A Transplant Candidate Couldn’t Afford Follow-Up Care. The Hospital Rejected Her and Suggested GoFundMe

November 25, 2018, 6:35 PM UTC

Hedda Martin needed a heart transplant, but was rejected as a transplant candidate because she couldn’t afford the follow-up care. The hospital that rejected her suggested she undertake a “fundraising effort” to raise $10,000 and then try again, according to Splinter.

In practice, GoFundMe campaigns and other fundraising efforts have supported Americans’ health care costs for years, with $650 million raised for health care through the platform last year.

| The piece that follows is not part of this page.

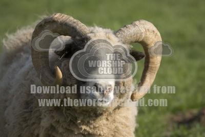 • Head and horns of Shetland sheep ram Rare Breed Trust Cotswold F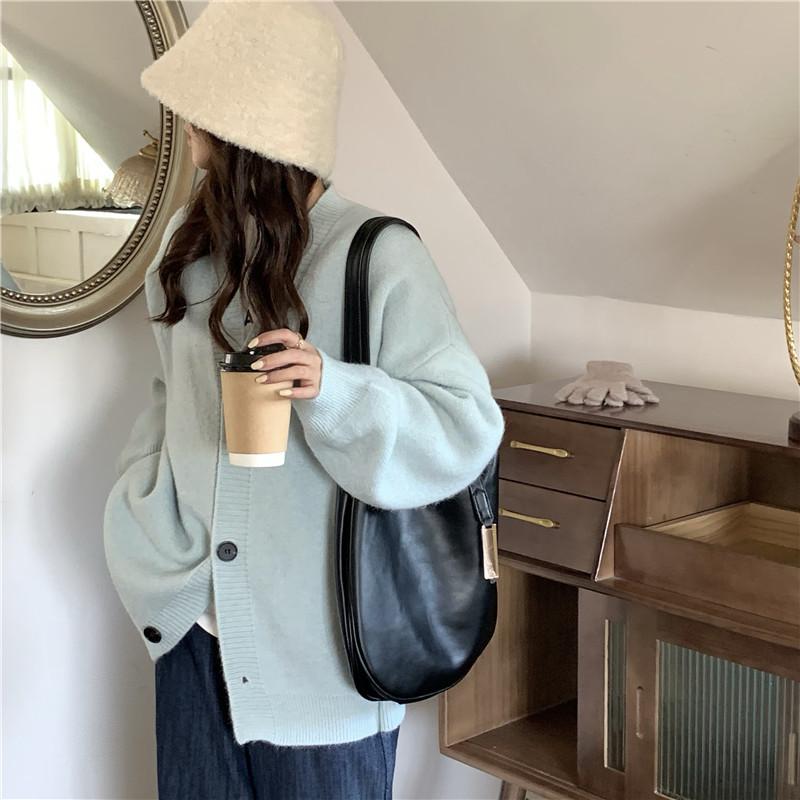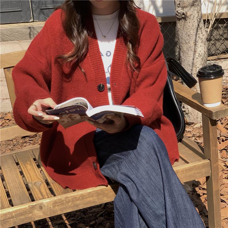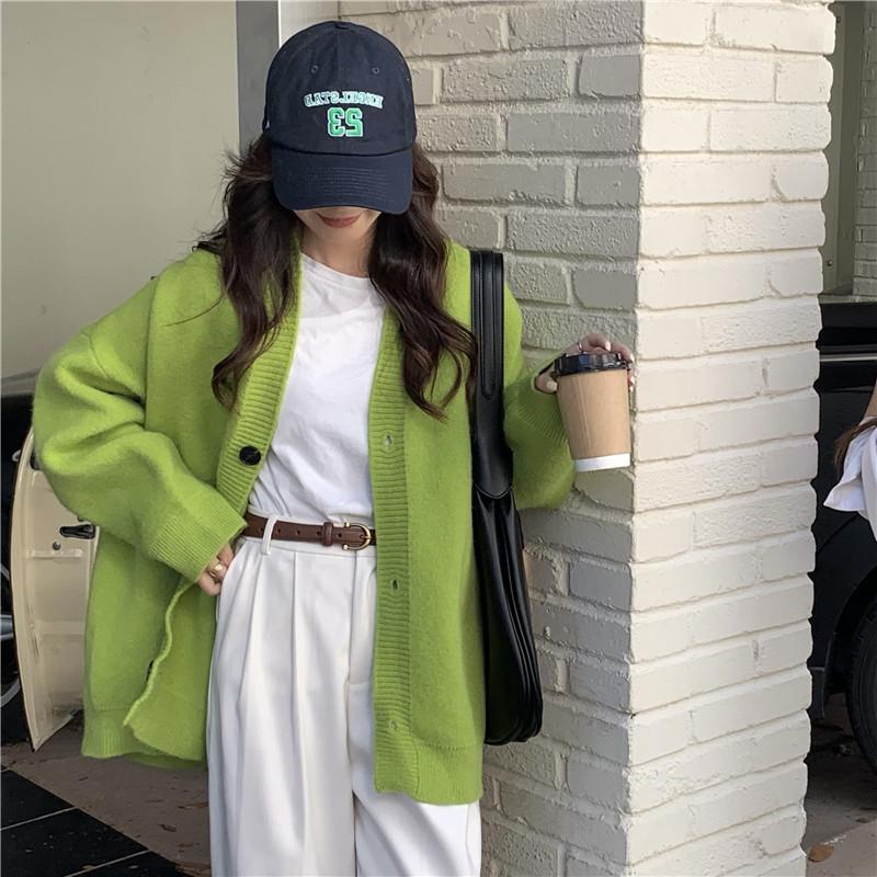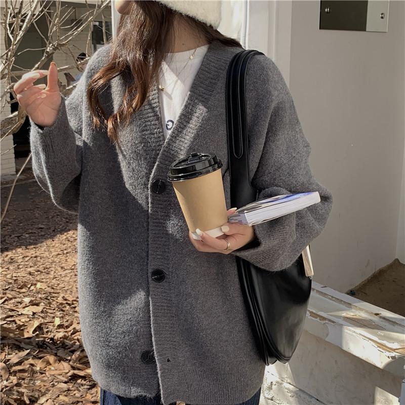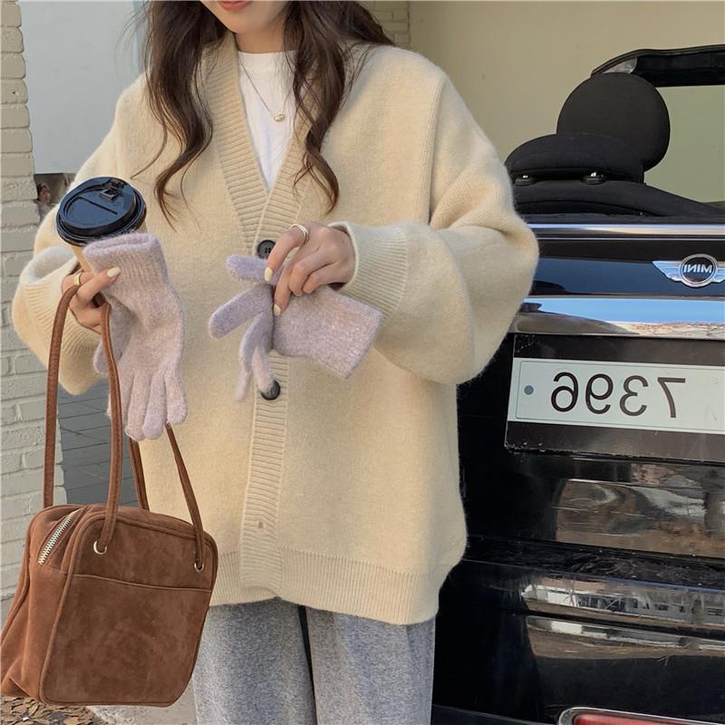 Novo Outono e Inverno 2023 Estilo Coreano Decote em V Cardigan de Tricô Suave Jaqueta Solta Moderna Estilo Preguiçoso Suéter Macio e Encerado para Mulheres

But the letter to Martin from the Spectrum Health Richard DeVos Heart and Lung Transplant Center—named for the billionaire father-in-law of Education Secretary Betsy DeVos—was unusual for its direct recommendation and rejection.

“The decision made by the committee is that you are not a candidate at this time for a heart transplant due to needing a more secure financial plan for immunosuppressive medication coverage. The Committee is recommending a fundraising effort of $10,000,” the Nov. 20 letter from the clinic said.

Spectrum Health gave a statement to Splinter acknowledging that ability to pay is a factor in transplant decisions:

“While it is always upsetting when we cannot provide a transplant, we have an obligation to ensure that transplants are successful and that donor organs will remain viable. We thoughtfully review candidates for heart and lung transplant procedures with care and compassion, and these are often highly complex, difficult decisions,” the organization said. “While our primary focus is the medical needs of the patient, the fact is that transplants require lifelong care and immunosuppression drugs, and therefore costs are sometimes a regrettable and unavoidable factor in the decision-making process.”

Martin, 60, developed congestive heart failure as a complication from chemotherapy treatments for breast cancer more than a decade ago, according to a GoFundMe page.

The $10,000 level of funding required is enough for two years of a 20% copay for anti-rejection drugs.

“The transplant team does not want to ‘waste’ a vital organ if she cannot afford heart rejection drugs. Understandably,” Martin’s GoFundMe page said. “However, they are not even willing to put her on the list knowing it would still give her time to raise money over a year or so through family.”

Martin posted about her rejection for a heart transplant and the financial terms behind it on Facebook, and her story quickly started spreading, picked up by New York Congresswoman-elect Alexandria Ocasio-Cortez and others.

The GoFundMe for Martin had raised more than $11,000 on Sunday.